• [Task objective]
Output the records below verbatim, minus the pictures.
====================
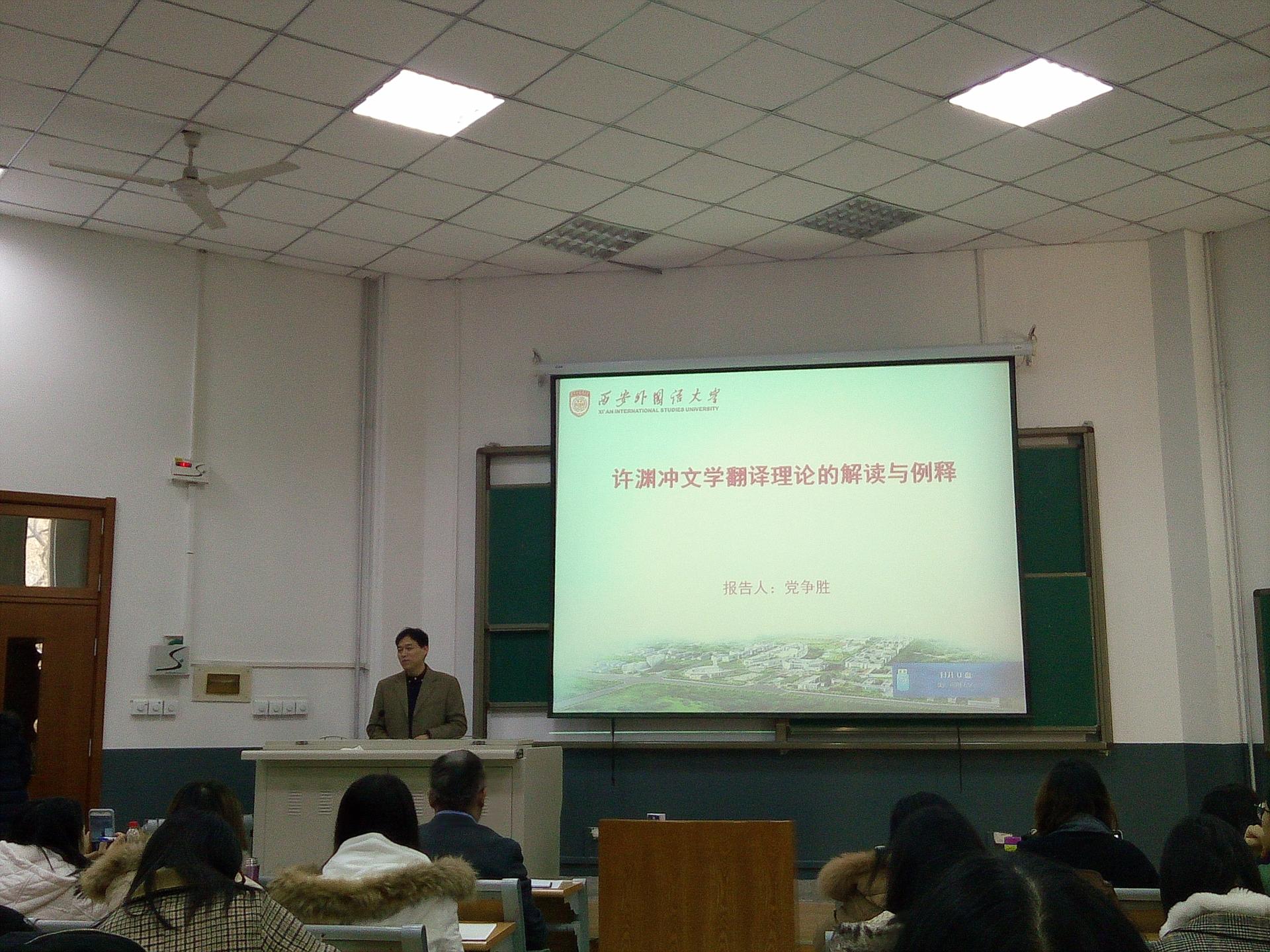 12月13日上午,西安外国语大学副校长党争胜教授做客天游ty8检测中心官方登录,为外院师生带来了主题为“许渊冲文学翻译理论的解读与例释”的学术讲座。本次讲座由天游ty8检测中心官方登录副院长马文教授主持,天游ty8检测中心官方登录众多师生参加了此次讲座。
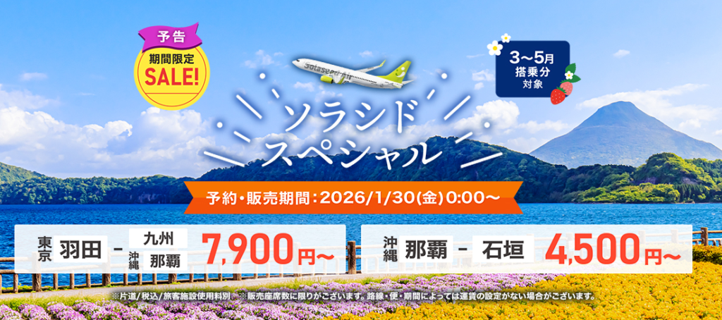 ソラシドエア&AIRDOセール開催!片道4500円~で九州・北海道へ、GWも対象
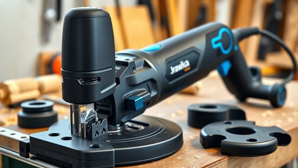 Ergonomic design features considerably influence how comfortably and accurately you can work with a jigsaw. A well-designed handle with rubberized grips or contours reduces hand fatigue during prolonged use, keeping you comfortable. Proper weight distribution and overall balance are essential for minimizing strain and maintaining control, especially when making precise cuts. Adjustable speed triggers and controls let you customize operation to fit your comfort level and the task at hand, increasing efficiency. Features like low-vibration design and soft-start mechanisms improve handling and lessen user fatigue, making your work smoother. Additionally, a compact, lightweight build enhances maneuverability, allowing easier access to tight spaces and complex angles. Prioritizing these ergonomic features helps you work longer, more accurately, and with less discomfort.
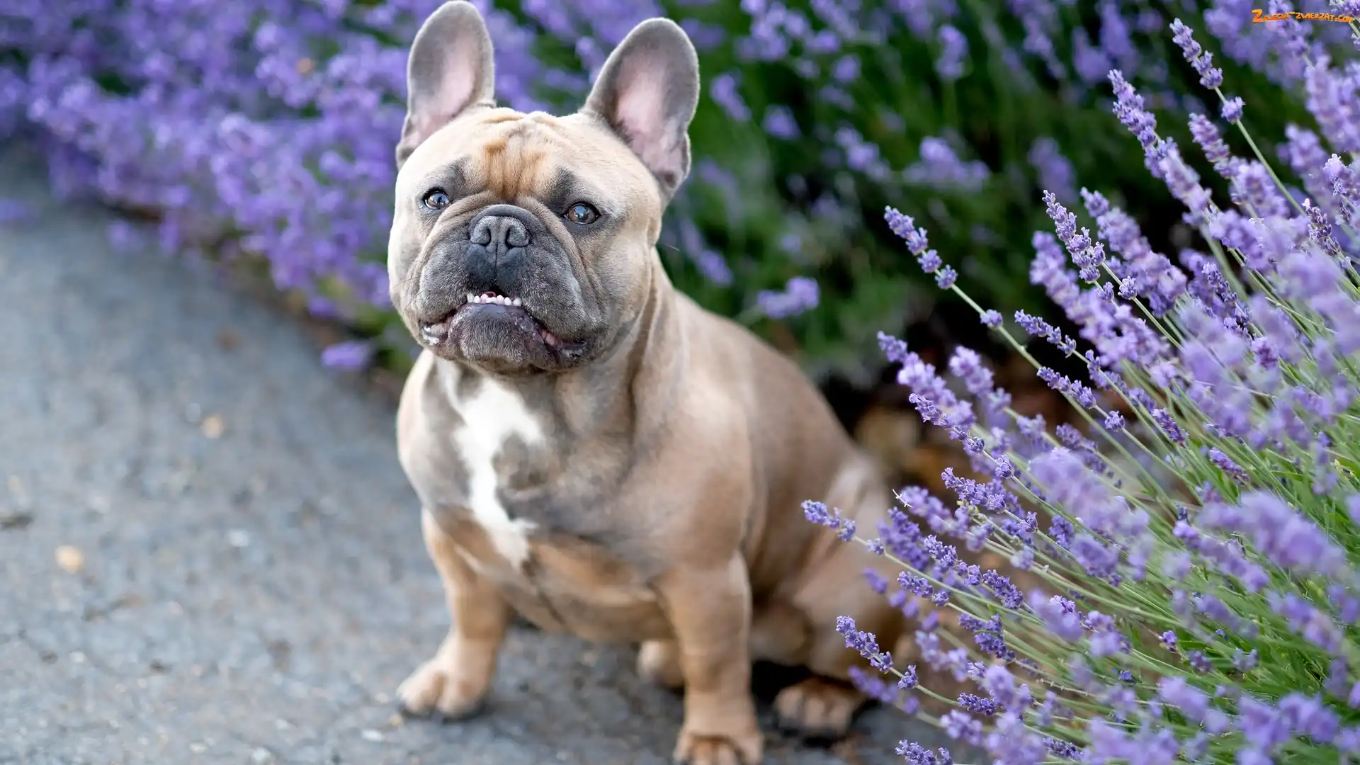 Zdjęcie: Siedzacy, Lawenda, Pies, Buldog francuski
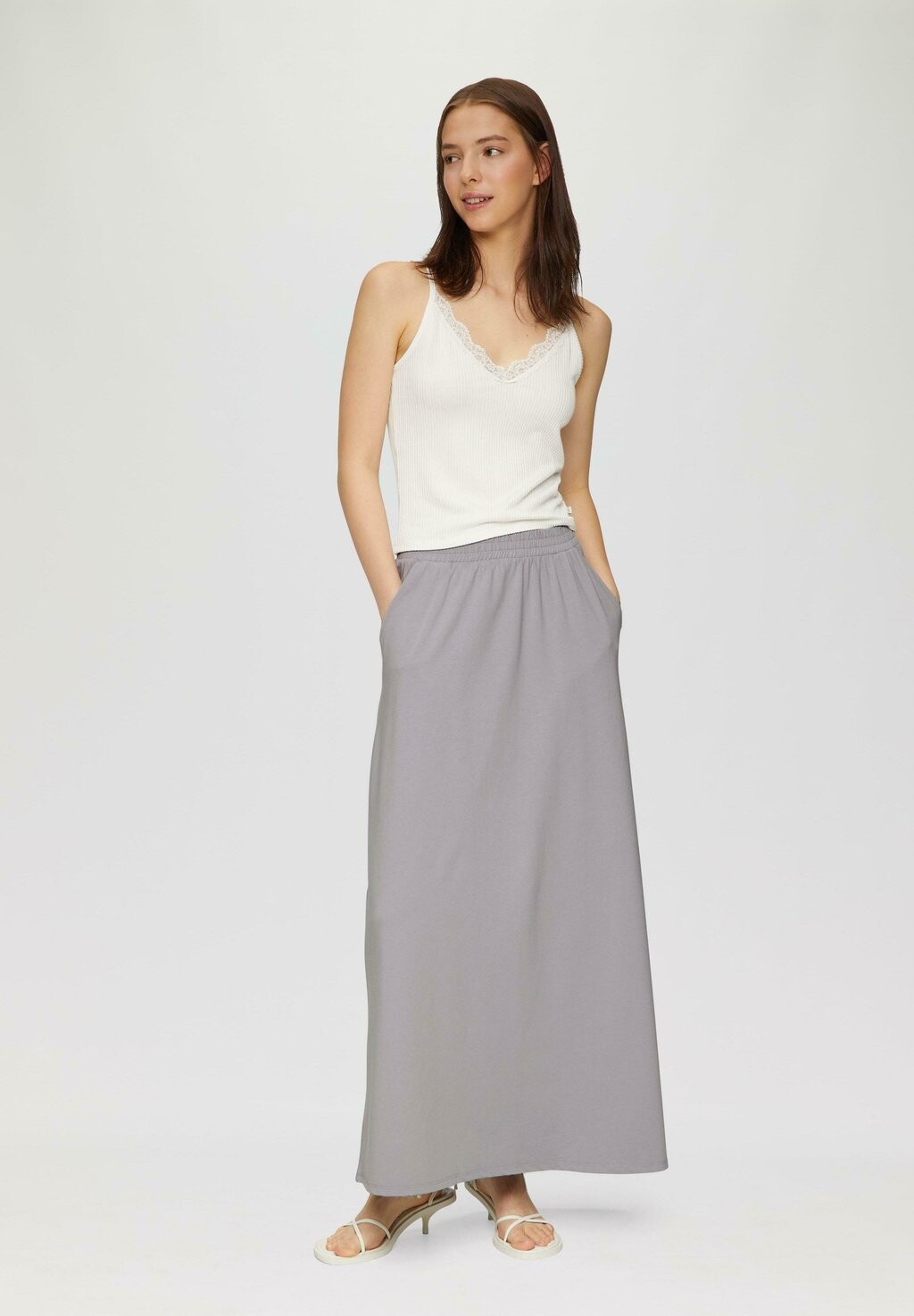 Юбка макси IN HIGH RISE MIT ELASTISCHEM BUND QS, светло-серый 3 545₽
====================
• [Reply]
 12月13日上午,西安外国语大学副校长党争胜教授做客天游ty8检测中心官方登录,为外院师生带来了主题为“许渊冲文学翻译理论的解读与例释”的学术讲座。本次讲座由天游ty8检测中心官方登录副院长马文教授主持,天游ty8检测中心官方登录众多师生参加了此次讲座。
 ソラシドエア&AIRDOセール開催!片道4500円~で九州・北海道へ、GWも対象
 Ergonomic design features considerably influence how comfortably and accurately you can work with a jigsaw. A well-designed handle with rubberized grips or contours reduces hand fatigue during prolonged use, keeping you comfortable. Proper weight distribution and overall balance are essential for minimizing strain and maintaining control, especially when making precise cuts. Adjustable speed triggers and controls let you customize operation to fit your comfort level and the task at hand, increasing efficiency. Features like low-vibration design and soft-start mechanisms improve handling and lessen user fatigue, making your work smoother. Additionally, a compact, lightweight build enhances maneuverability, allowing easier access to tight spaces and complex angles. Prioritizing these ergonomic features helps you work longer, more accurately, and with less discomfort.
 Zdjęcie: Siedzacy, Lawenda, Pies, Buldog francuski
 Юбка макси IN HIGH RISE MIT ELASTISCHEM BUND QS, светло-серый 3 545₽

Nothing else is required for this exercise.